L’art. 2562 c.c. enuncia le conseguenze della mancata trascrizione della domanda giudiziale di nullità degli atti

Dalla mancata trascrizione della domanda giudiziale discendono tutte le conseguenze di cui all’art. 2652 c.c.

Secondo quanto statuito al n. 6 del predetto articolo, si devono trascrivere, qualora si riferiscano ai diritti menzionati nell’art. 2643, le domande giudiziali indicate dai numeri seguenti, agli effetti per ciascuna di esse previsti: “le domande dirette a far dichiarare la nullità o a far pronunziare l’annullamento di atti soggetti a trascrizione e le domande dirette a impugnare la validità della trascrizione”.

Prosegue poi la norma enunciando che “se la domanda è trascritta dopo cinque anni dalla data della trascrizione dell’atto impugnato, la sentenza che l’accoglie non pregiudica i diritti acquistati a qualunque titolo dai terzi di buona fede in base a un atto trascritto o iscritto anteriormente alla trascrizione della domanda”.

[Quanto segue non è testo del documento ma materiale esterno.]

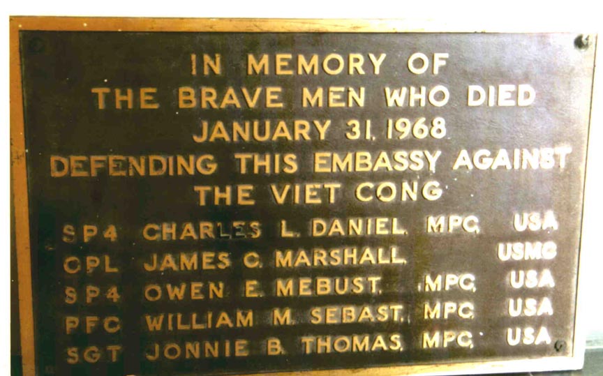 memorial plate which was dedicated to the men killed defending the US Embassy during TET 68. It was in a small [Vietnamese] museum...stuck away behind some other display cases [and] out of view until I caught sight of it.

In giurisprudenza – con riferimento alla ipotesi considerata dall’art. 2652, n. 6, c.c. – si è affermato che, avendo la legge inteso subordinare la piena ed illimitata efficacia della sentenza dichiarativa di nullità, nei confronti di tutti indistintamente i terzi, all’adempimento di un preciso onere da parte dell’interessato a far valere la nullità, e cioè propriamente alla trascrizione della domanda di nullità entro un prefisso termine, uguale rispetto a tutti i terzi, è ancora più evidente che all’inadempimento di quell’onere non può in alcun modo supplire la conoscenza di fatto che alcuno dei terzi, a differenza di altri, possa avere avuto della domanda stessa.

Dunque, la conoscibilità dell’azione da parte dei terzi non è idonea a supplire alla mancata trascrizione della domanda giudiziale.